Now that we have a better command of our spending, eating out is much less common; but, when we do eat out, we set a budget for each meal. 

We often look at menus online prior to leaving the house and decide what we're going to order to get an idea as to how much our bill will be.  This also helps determine if a particular restaurant fits within our budget.

My family and I went through this exact routine before selecting a restaurant to have dinner on a Saturday evening.  With items pre-selected, the bill pre-calculated (including tip), we piled into the van and drove off for a relaxing dinner out.

The food was good, as was the service.  When the bill arrived the amount was more than what I expected.  I checked the numbers over several times. Each individual amount was right, but the total conflicted with my calculation.  I slowly realized that I had somehow made an error at home, and our bill was indeed higher than I had calculated.

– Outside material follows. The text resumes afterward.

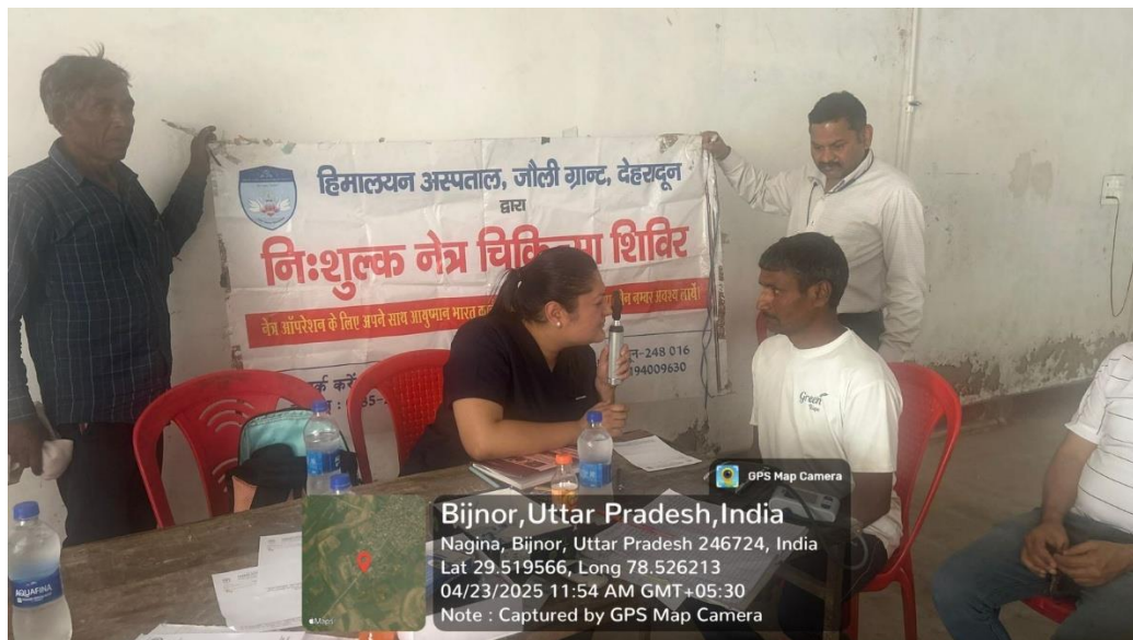
"Health, service, and learning at Bijnor Uttar Pradesh

At this point, I had two choices: 

1.) Pay the bill and leave no tip, even though the service was good

2.) Break my budget, leave an appropriate tip, and adjust another expenditure in the budget

I waffled back and forth between these two choices about a billion times in the ten seconds I was staring at the check.

On one hand, we were talking about the neighborhood of $8.  Surely I could find something in the budget to reduce to make up for the overage.  The servers depend upon tips for their income, as they're typically paid peanuts for an hourly wage. 

Plus, the service was good, and it was my error that got me into this mess.

On the other hand, every dollar adds up.  Plus, why should I have to reduce something in my budget, or cut out something I want just to pay someone's wage when a tip is supposed to be optional?

I grabbed the pen tightly, wrote the tip amount, added it up, and signed my name.  I exited the booth wondering if I had made the right choice.

Budget broken.

In order to make up for the overage, I successfully modified the planned meals for the next week to reduce our grocery spending.  But I mentally beat myself up during the entire subsequent grocery shopping trip.

I'm not sure if I'd make the same decision should the same situation present itself again.

What would you have done?

Related Links:

My Tipping Point

Eating Out on a Budget

Dining on a Dime

Travis PizelTravis Pizel

Travis is a contributing writer for the My Journey out of Debt blog and is a very active member of the CareOne community forums. Travis is currently enrolled in a CareOne Debt Management Plan (DMP). Travis very candidly shares his personal journey to pay off his debt and the tips he's learned along the way. As a father and husband he provides a unique perspective on balancing debt, finances, and family. You can also follow along with Travis on his personal blog, Our Journey to Zero. Compensated Blogger for CareOne Debt Relief Services.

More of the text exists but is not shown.